The venison heart from my fall hunt was sitting patiently in my freezer, waiting for me to come up with a preparation that was both delicious and unfussy. Christmas eve was creeping up though I wanted to share the heart with friends and family, nothing was inspiring me. Thinking back to a carpaccio I had made a few weeks before, it suddenly hit me…why not tartare? The heart is inherently lean with a firm texture and would not easily break down into a goopy mess when combined with the rest of the ingredients.
Hank Shaw’s recipe seemed closest to what I was looking for – clean, simple and full of complementary flavours.
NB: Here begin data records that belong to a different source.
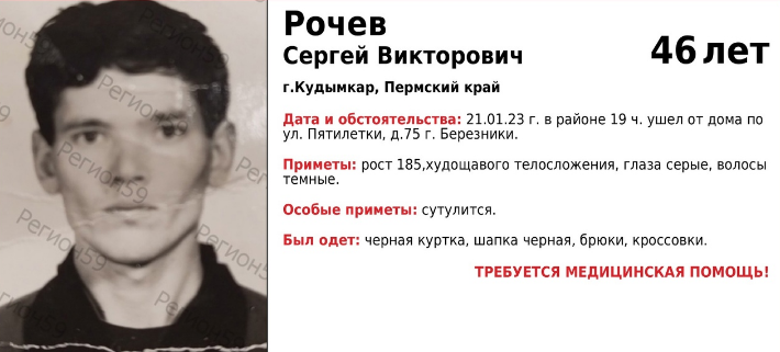В Пермском крае волонтёры поискового отряда «Регион 59» объявили в розыск 46-летнего Сергея Рочева из Березников.
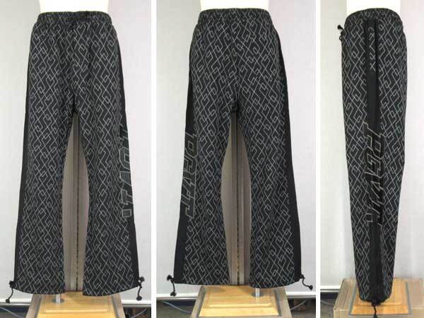 表地はやや薄手タイプとなります。 秋冬物となります。 【ドレープ感のあるポリエステル素材を使用】 ドレープ性のあるポリエステル素材を使用。 生地にはジャガードで幾何学柄を施しています。 【デザイン・ディティール・ジャガード柄/縦PGVIロゴ刺繍がお洒落】 上物は、フルジップタイプです。 ジャガード・幾何学柄の総柄タイプ。 左胸にPG等の刺繍をしっかりと施しています。 右胸には大きくPGVIの刺繍を施しています。 前合わせ部分、両脇り、袖上部に異素材をジョイント。 お腹部分にポケットを設けています。 袖口にはゴムを付けています。ウエスト部分はフラット仕様。 裏地あり。 パンツは、両脚サイド部分に異素材のライン配色を施しています。 左側に上物と同様のPVワッペンを付けています。 前身、右脚に上物と同様、PGVIの刺繍を施しています。 パンツのウェストはシャーリング、ゴム調節タイプなのでサイズは幅広く対応できます。(サイズ欄参照) 裾部分はこのままでも御着用できるようロープを付けてあります。 【スタイル・シルエット・フィット感】 ゆったりめのシルエットです。 インパクトのある、ロゴ刺繍モノです。 【お洗濯】 手洗いできるウオッシャブルタイプで、お洗濯もラクラクです。 |
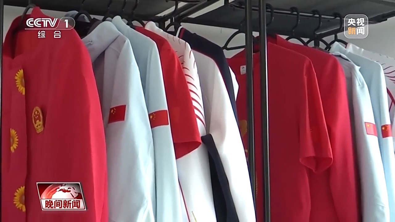 巴黎残奥会中国体育代表团田径队领跑员 游俊杰:这套是我们的领奖服。当残疾人运动员获得奖牌的时候,我们就可以自豪地穿上这套站在领奖台上。这上面有一些很细致的手工,凤凰的图案,还有一套可能就是平常比较休闲穿的,上面的图形也寓意着凤凰。
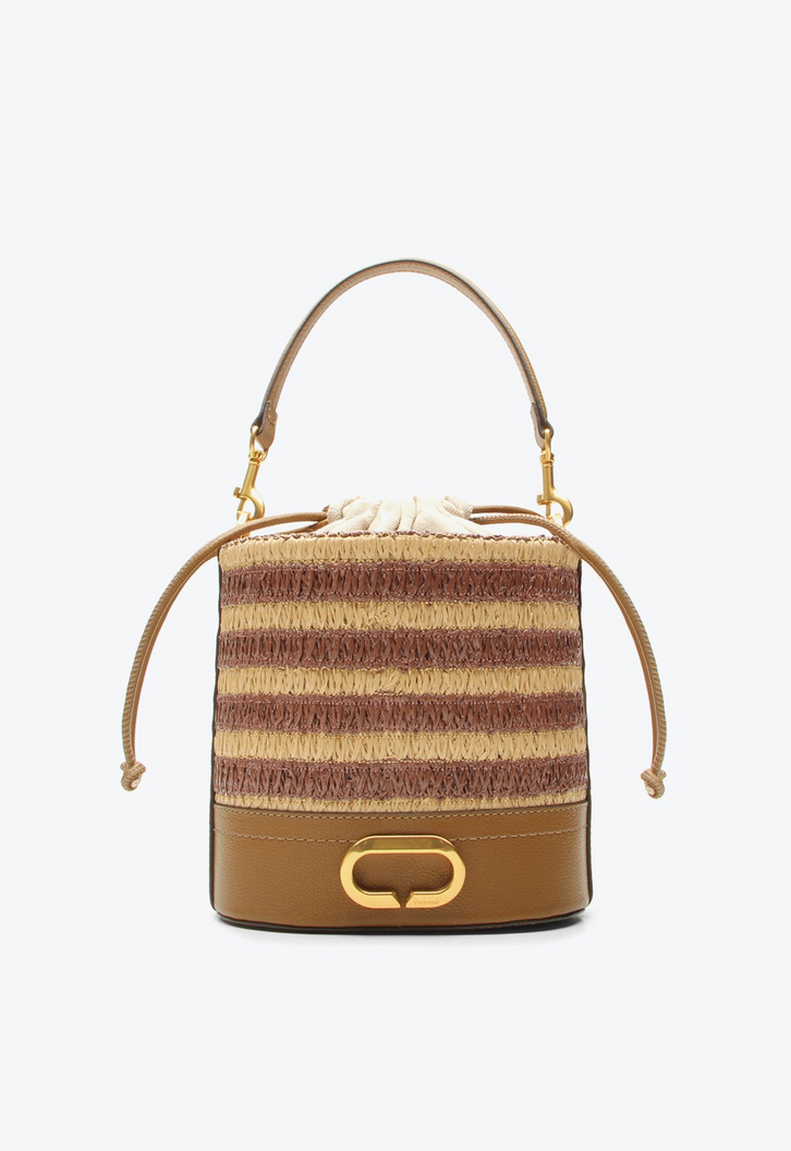 Bolsa bucket Isa média em couro caramelo listrada. Com bordado em ráfia listrado e acabamento em couro, essa bolsa é perfeita para acompanhar a rotina com estilo. O formato bucket oferece praticidade e espaço ideal para levar tudo o que você precisa, enquanto o detalhe metalizado adiciona um toque moderno e elegante. Versátil e charmosa, é aquele acessório que combina com os looks descontraídos e ensolarados da estação.
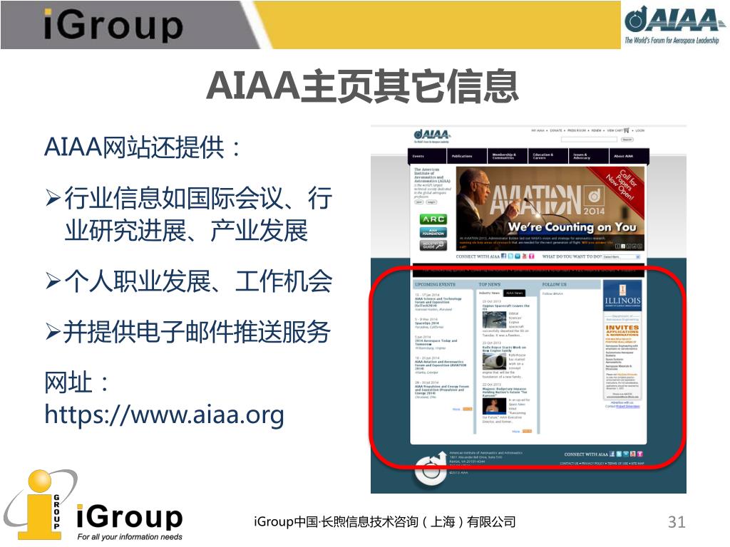 AIAA主页其它信息 AIAA网站还提供: • 行业信息如国际会议、行业研究进展、产业发展 • 个人职业发展、工作机会 • 并提供电子邮件推送服务 网址:https://www.aiaa.org iGroup中国·长煦信息技术咨询(上海)有限公司
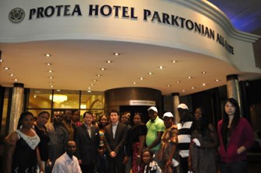A l’aéroport de Johannesburg, les distributeurs supérieurs de la filiale de Abuja ne peuvent pas contenu l’état d’âme ému et élevé la caméra pour souvenir les états d’âme pour enregistrer la belle cité de Afrique du sud. A 7 heurs du 11, l’équipe de représentants de distributeurs est descendue dans l’hôtel de Protea Parktonian, se situé à la centre de Johannesburg. Les accueils chaleureux de l’hôtel et les petit- déjeuner bon ont effacé les fatigues de voler en soir.
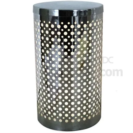 A perforated shade in shimmering metallic glamor allows light to travel through this lamp in geometric diffusion. In addition to its iconic silhouette design, the sturdy protective cover promises lasting durability and protective shielding to the color changing LED lamps within.
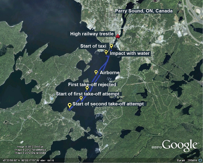The pilot elected to take off into the wind and, as such, taxied toward the southwest end of the harbour. The engine run-up and pre-take-off checklist were completed while taxiing; no anomalies were noted. Flaps were set correctly at 20° for take-off. Approximately 1400 feet from the shore, the pilot turned the aircraft northeast and began the take-off run. The aircraft had difficulty getting on the step, Footnote 2 and the pilot rejected the take-off attempt after approximately 1300 feet of take-off run.
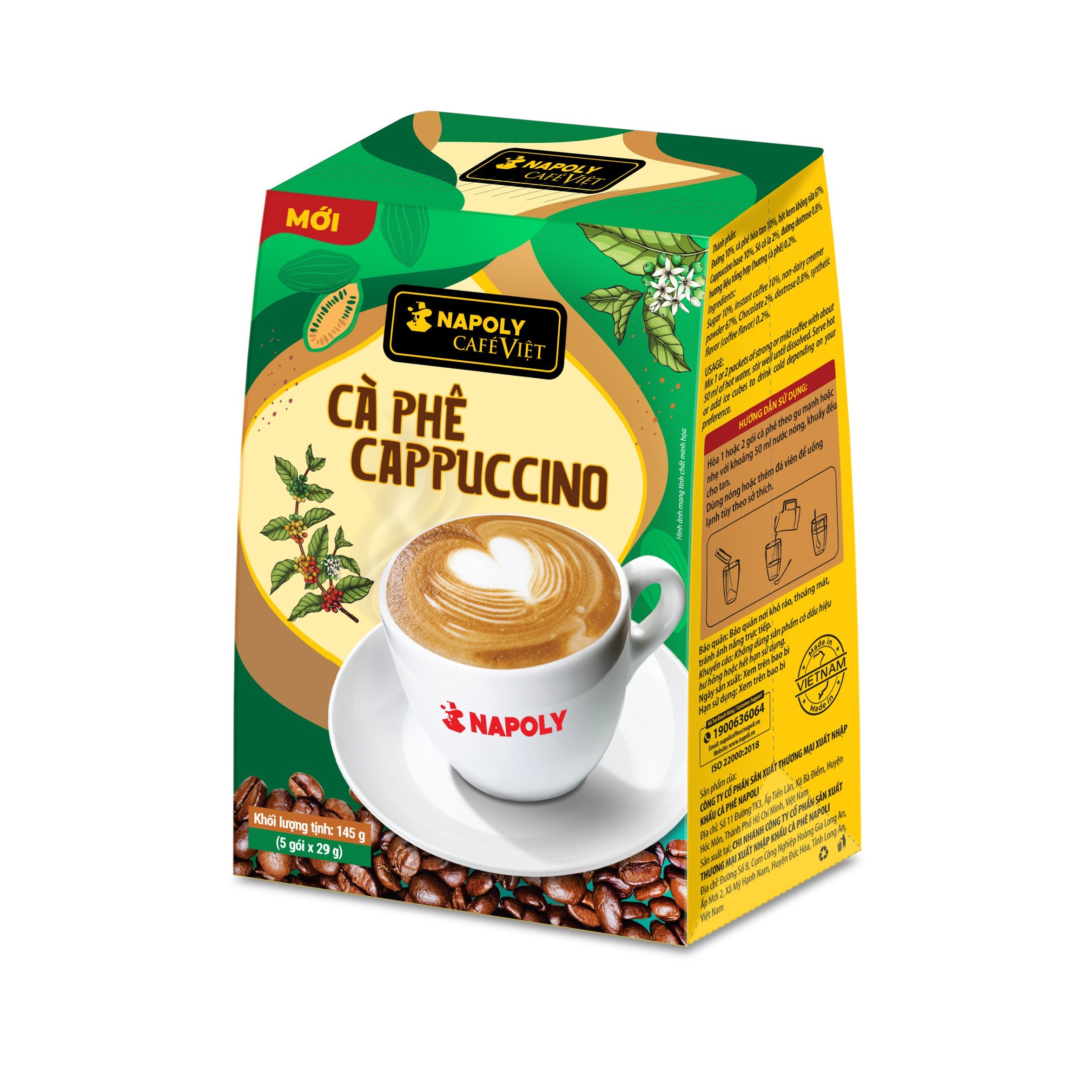 Hộp nhỏ cà phê sữa hòa tan Cappuccino đậm vị cà phê, sữa ngọt ngào, Socola béo ngậy thơm lừng Napoly Coffee (5gói x 29g) NAPOLI – CÀ PHÊ VIỆT – ĐẬM GU ĐÚNG CHẤT
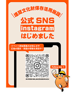 これまで当施設ではホームページ「ひろしまWEB博物館」を中心に広島の歴史や発掘調査、出土品に関する情報の発信を行っておりましたが、ホームページに載せていなかった事業の様子なども含めて、今後はみなさんに身近なSNSを併せて情報発信をしていきたいと考えています。
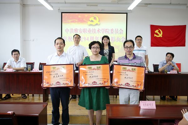 【本网讯】6月30日下午,学院党政班子成员、在职教职工党员代表、离退休党员代表、新党员代表90余人佩戴着党徽,在青年路校区图书综合楼903会议室隆重集会,庆祝建党94周年,共同缅怀党的光荣历史,弘扬党的优良传统,并通过新党员宣誓、老党员重温誓词、表彰先进党员等活动,进一步加强党员党性修养,践行 “三严三实”要求,坚定理想信念,夯实贯彻落实“四个全面”战略的思想基础,以推动学院建设发展。党委副书记、院长石静主持大会。
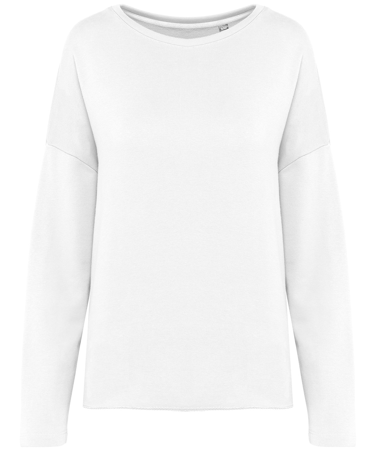 91% cotton/9% polyester (Light Grey Heather: 87% cotton/9% polyester/4% viscose). French terry. Ultra-soft fabric. Loose, relaxed fit with wide neck. Twill taped neck. Raw edge finish at hem. Twin needle finishing at cuffs. No brand label at neck, only size tag for easy relabelling. Certified STANDARD 100 by OEKO-TEXNー CQ1007/7, IFTH.
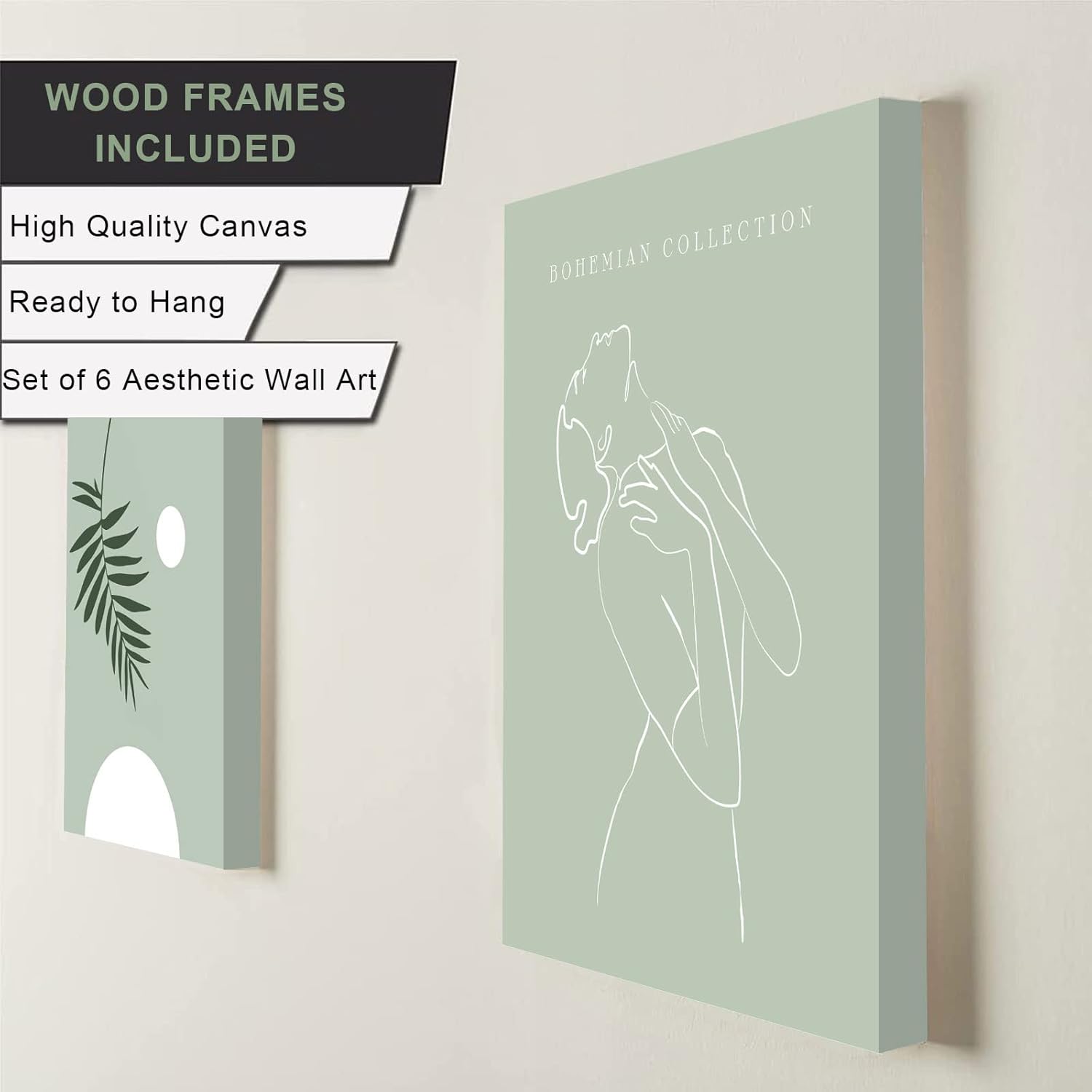 - 【Why Special?】Inspiration comes from the life, all of our aesthetic room decor are designed by independent artist. This boho room decor conbined female line art, boho plants and geometric patterns with light green matching, which interprets the elegance of boho style. Bright tone gives your room an instant make-over, transform your wall into beautiful scenery and promotes your taste and texture of daily life.
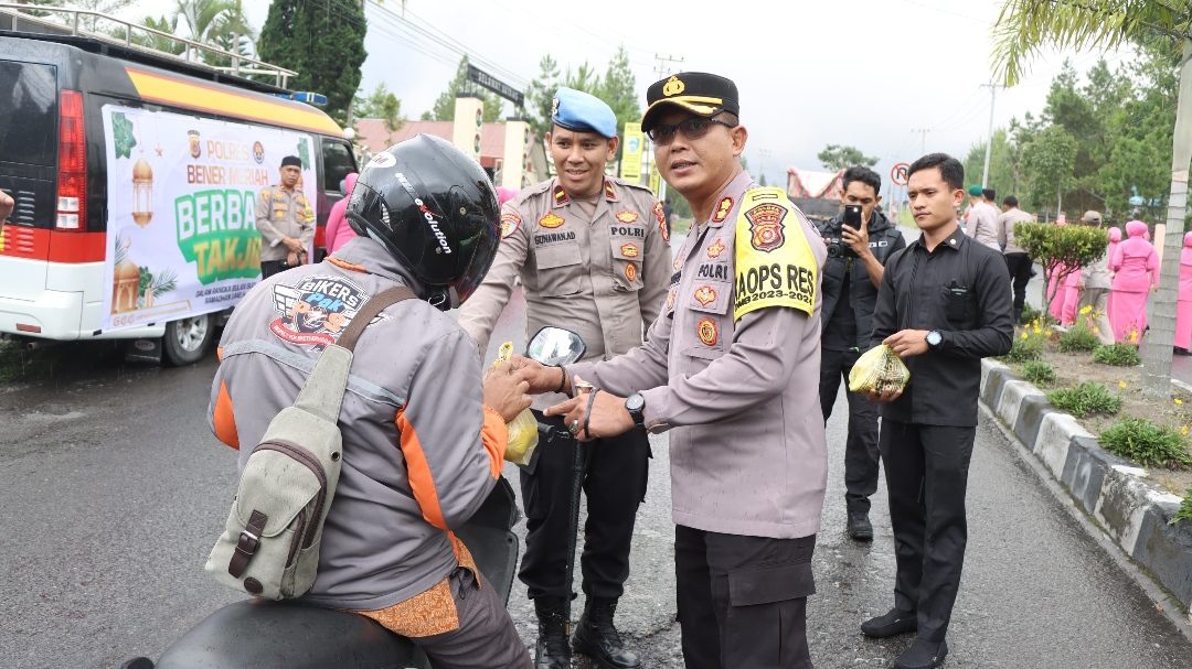 Redelong – Polres Bener Meriah membagikan makanan takjil untuk berbuka puasa kepada pengguna jalan yang melintas di depan Mako Polres Bener Meriah Jumat 22 Maret 2024.
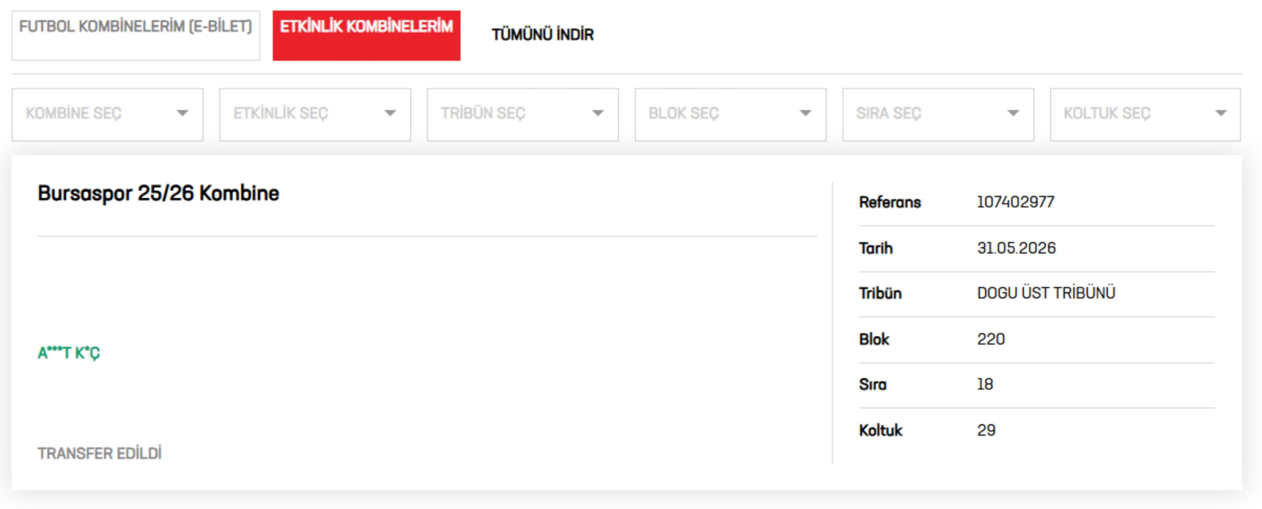 – Geçmişte Passolig / E-bilet kaydı olmayan taraftarlarımıza ait koltuklar TCKN ataması yapılmış olsa bile Passo’da TCKN üyeliği oluşmadığından kombine/kombineler işlem sahibinin hesabında kalır fakat bilet olarak görüntülenmez. Bu koltuğu/koltukları www.passo.com.tr adresi üzerinden ”web tarayıcı” işlem sahibi üye kendi hesabına girerek Etkinlik Kombinelerim bölümünde yer alan Transfer alanından kombinesini devir etmek istediği yakınına ait Passo Üyelik mail adresini girerek müsabakaya son 6 saat kalaya kadar transfer/devir işlemini gerçekleştirebilir.Matlı Stadyumu gişemiz her türlü soru veya sorun için 10:00-18:00 saatleri arası maç günü dahil hizmet verecektir. (Pazar günleri kapalı)
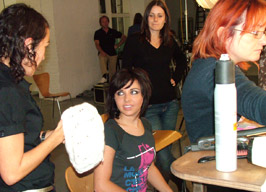 location or in make-up at the base studios, applying their art on the actors -
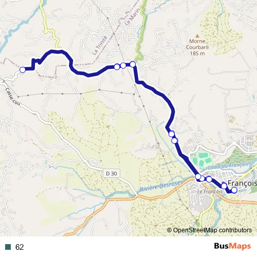 The first stop of the 62 bus route is LE Francois - Gare Routiere and the last stop is LE Francois - Gare Routiere. 62 is operational during everyday.
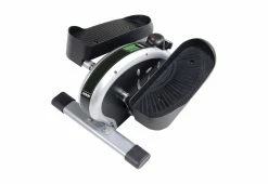 It has an LCD display that shows your number of strides per minute, total strides, exercise time, calories burned and lets you scan all stats stored in its memory. Includes LR44 battery. The Compact Elliptical Trainer features a sturdy steel frame that supports up to 250 lbs; some assembly is required.
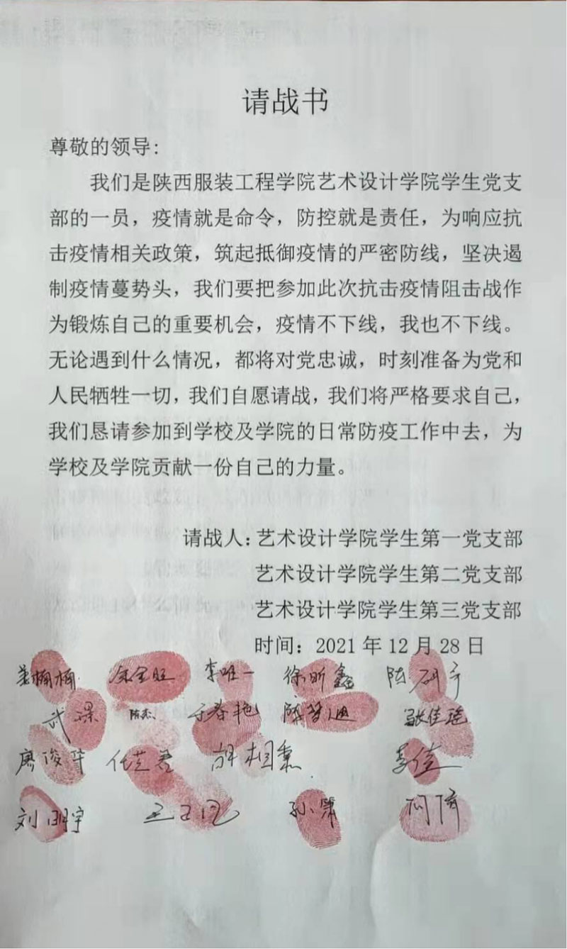 在公司党总支的倡导下,各支部书记、员工党员积极响应号召,积极向公司递交“请战书”,目前已有31名员工党员入党积极分子、班团干部挺身而出,向公司递交了请战书,积极参与公司执勤巡逻、消杀等疫情防控工作!作为00后的他(她)们,放下行囊,以不畏惧的姿态,积极参与疫情防控志愿者队伍,充分体现了当代老员工勇于担当的奉献精神。
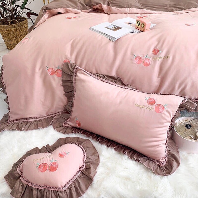Giới thiệu Bộ lụa cao cấp 60s gồm 6 món màu hồng phấn có gối tim

I’ve slightly modified it here with a greater nod to some of the spices.
1 Venison heart, trimmed and finely diced
1 minced shallot
3 tbs red wine vinegar
1 tbs juniper berries
1 tbs caraway seeds
1 tbs black peppercorns
1 tbs smoked black sea salt
1 egg yolk
Soak shallots with vinegar and set aside.
in a pan, toast juniper berries, caraway seeds and black peppercorns until fragrant
grind spices in a mortar and pestle.
Add shallots and egg yolk to venison heart.
Mix and add salt and spice mixture to taste (I used the amounts provided but it will vary with the size of the heart)
Serve with toasted baguette slices
The dish was a resounding success. Even my more squeamish guests were quickly won over by the sweet taste of the venison and the firm generous texture of the heart. Oddly, both my girlfriend and I noticed how we felt hyper aware after the tartare course. I guess we finally did get the essence of the animal inside of us.